►

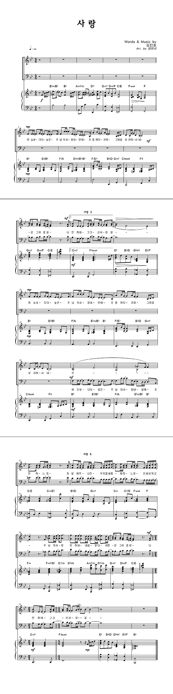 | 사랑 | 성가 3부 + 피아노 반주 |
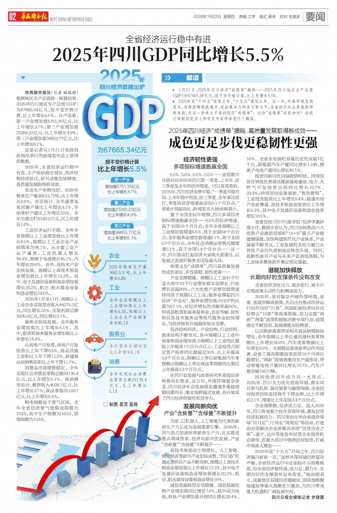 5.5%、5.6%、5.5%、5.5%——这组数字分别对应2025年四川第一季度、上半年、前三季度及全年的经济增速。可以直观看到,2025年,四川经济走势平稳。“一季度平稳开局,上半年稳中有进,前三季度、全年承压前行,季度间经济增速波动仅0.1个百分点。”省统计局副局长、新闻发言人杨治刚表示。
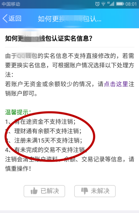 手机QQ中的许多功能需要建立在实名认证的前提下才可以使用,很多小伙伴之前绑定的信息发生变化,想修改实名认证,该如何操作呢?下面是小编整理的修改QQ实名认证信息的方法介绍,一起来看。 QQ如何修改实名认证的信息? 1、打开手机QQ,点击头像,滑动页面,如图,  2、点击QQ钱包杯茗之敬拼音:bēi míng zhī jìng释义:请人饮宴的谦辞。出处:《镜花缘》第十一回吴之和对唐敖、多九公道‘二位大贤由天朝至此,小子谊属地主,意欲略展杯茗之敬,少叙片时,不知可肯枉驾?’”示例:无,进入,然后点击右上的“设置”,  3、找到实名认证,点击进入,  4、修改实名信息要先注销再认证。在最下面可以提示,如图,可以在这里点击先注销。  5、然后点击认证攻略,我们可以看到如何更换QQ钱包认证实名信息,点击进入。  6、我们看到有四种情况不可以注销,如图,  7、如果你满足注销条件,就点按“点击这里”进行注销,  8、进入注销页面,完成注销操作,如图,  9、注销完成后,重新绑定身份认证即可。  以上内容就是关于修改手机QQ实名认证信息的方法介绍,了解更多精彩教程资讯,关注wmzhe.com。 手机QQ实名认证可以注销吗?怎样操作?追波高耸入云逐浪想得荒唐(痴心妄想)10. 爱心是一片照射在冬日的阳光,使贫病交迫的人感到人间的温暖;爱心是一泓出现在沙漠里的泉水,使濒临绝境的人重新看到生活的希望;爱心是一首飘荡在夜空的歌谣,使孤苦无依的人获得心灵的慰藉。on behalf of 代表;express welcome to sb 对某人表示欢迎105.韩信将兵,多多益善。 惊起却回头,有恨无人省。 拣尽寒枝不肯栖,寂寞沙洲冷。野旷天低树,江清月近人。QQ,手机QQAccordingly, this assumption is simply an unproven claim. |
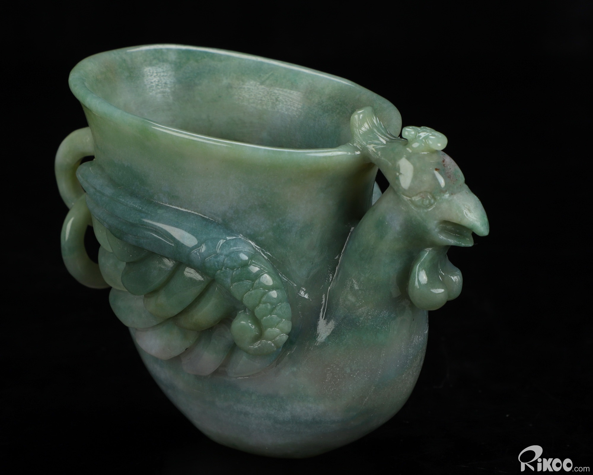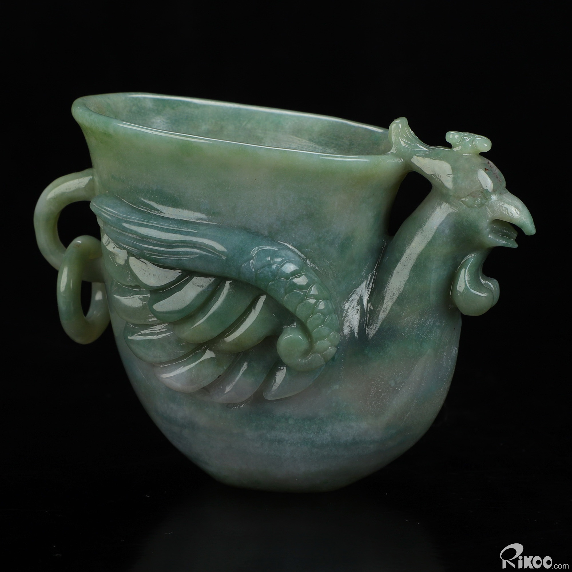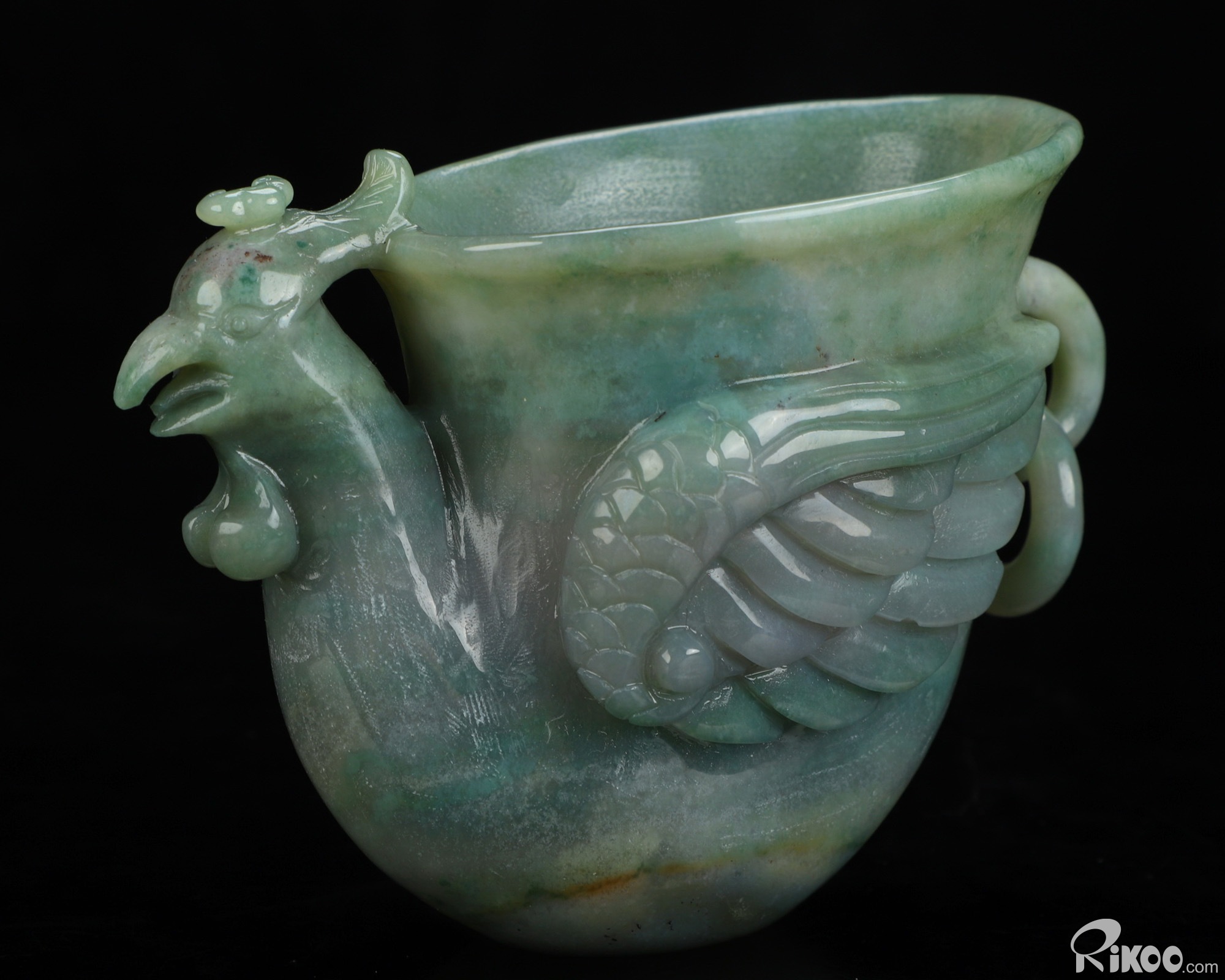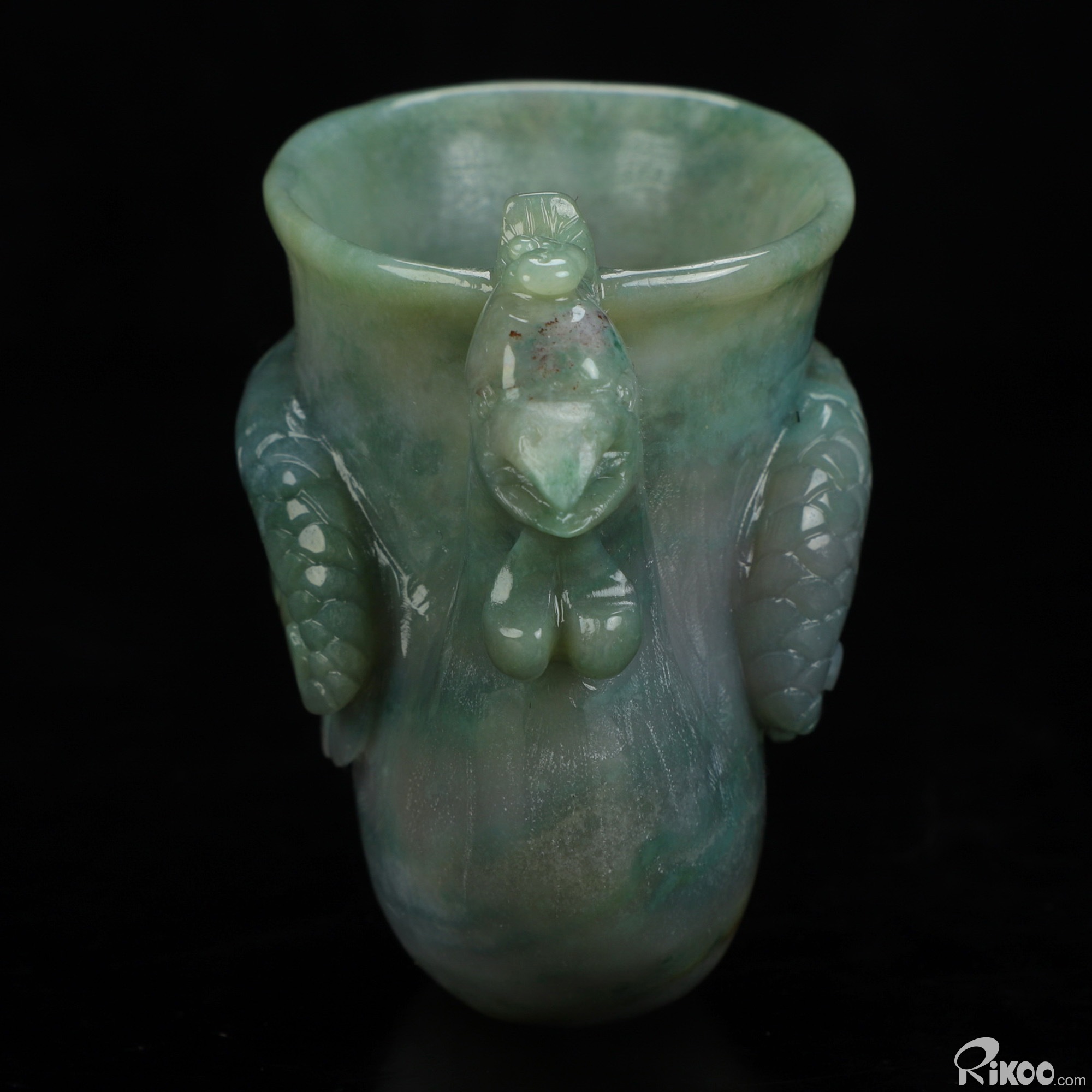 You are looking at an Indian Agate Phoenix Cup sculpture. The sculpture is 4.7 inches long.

◄

# [Instructions to follow]
Return the listing above word for word. Keep the images out.

# [Response area]
 | 사랑 | 성가 3부 + 피아노 반주 |
 5.5%、5.6%、5.5%、5.5%——这组数字分别对应2025年四川第一季度、上半年、前三季度及全年的经济增速。可以直观看到,2025年,四川经济走势平稳。“一季度平稳开局,上半年稳中有进,前三季度、全年承压前行,季度间经济增速波动仅0.1个百分点。”省统计局副局长、新闻发言人杨治刚表示。
 手机QQ中的许多功能需要建立在实名认证的前提下才可以使用,很多小伙伴之前绑定的信息发生变化,想修改实名认证,该如何操作呢?下面是小编整理的修改QQ实名认证信息的方法介绍,一起来看。 QQ如何修改实名认证的信息? 1、打开手机QQ,点击头像,滑动页面,如图,  2、点击QQ钱包杯茗之敬拼音:bēi míng zhī jìng释义:请人饮宴的谦辞。出处:《镜花缘》第十一回吴之和对唐敖、多九公道‘二位大贤由天朝至此,小子谊属地主,意欲略展杯茗之敬,少叙片时,不知可肯枉驾?’”示例:无,进入,然后点击右上的“设置”,  3、找到实名认证,点击进入,  4、修改实名信息要先注销再认证。在最下面可以提示,如图,可以在这里点击先注销。  5、然后点击认证攻略,我们可以看到如何更换QQ钱包认证实名信息,点击进入。  6、我们看到有四种情况不可以注销,如图,  7、如果你满足注销条件,就点按“点击这里”进行注销,  8、进入注销页面,完成注销操作,如图,  9、注销完成后,重新绑定身份认证即可。  以上内容就是关于修改手机QQ实名认证信息的方法介绍,了解更多精彩教程资讯,关注wmzhe.com。 手机QQ实名认证可以注销吗?怎样操作?追波高耸入云逐浪想得荒唐(痴心妄想)10. 爱心是一片照射在冬日的阳光,使贫病交迫的人感到人间的温暖;爱心是一泓出现在沙漠里的泉水,使濒临绝境的人重新看到生活的希望;爱心是一首飘荡在夜空的歌谣,使孤苦无依的人获得心灵的慰藉。on behalf of 代表;express welcome to sb 对某人表示欢迎105.韩信将兵,多多益善。 惊起却回头,有恨无人省。 拣尽寒枝不肯栖,寂寞沙洲冷。野旷天低树,江清月近人。QQ,手机QQAccordingly, this assumption is simply an unproven claim. |
 You are looking at an Indian Agate Phoenix Cup sculpture. The sculpture is 4.7 inches long.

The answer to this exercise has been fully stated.